** What you are asked to do **
Return the data below unchanged, without images.
------ Data
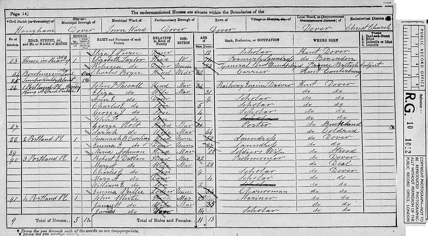 Dwelling: 3 Portland Place Census Place: Dover, Kent, England PRO Ref: RG10 Piece 1012 Folio 66 Page 14
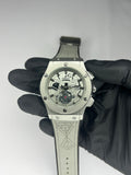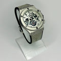 A statement of modern luxury, the Hublot Silver Skeleton Edition redefines elegance with its futuristic open-work dial and precision detailing. The polished silver case, paired with a grey patterned strap, creates a perfect fusion of innovation and sophistication. Its skeleton movement view reflects fine craftsmanship, making it an ideal choice for those who demand bold style with premium finishing.
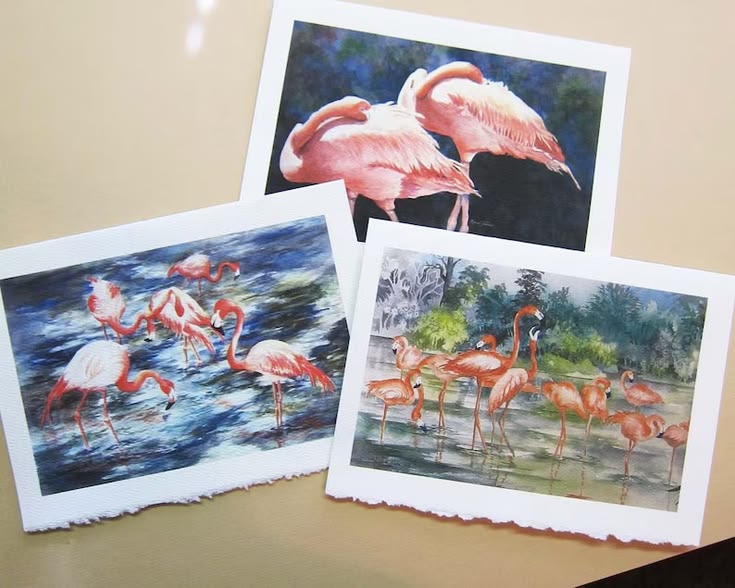 Flamingo Watercolor Print Note Cards, Set of 3, Handmade by Roxanne of watercolorsNmore
------------
** Your response **
 Dwelling: 3 Portland Place Census Place: Dover, Kent, England PRO Ref: RG10 Piece 1012 Folio 66 Page 14
 A statement of modern luxury, the Hublot Silver Skeleton Edition redefines elegance with its futuristic open-work dial and precision detailing. The polished silver case, paired with a grey patterned strap, creates a perfect fusion of innovation and sophistication. Its skeleton movement view reflects fine craftsmanship, making it an ideal choice for those who demand bold style with premium finishing.
 Flamingo Watercolor Print Note Cards, Set of 3, Handmade by Roxanne of watercolorsNmore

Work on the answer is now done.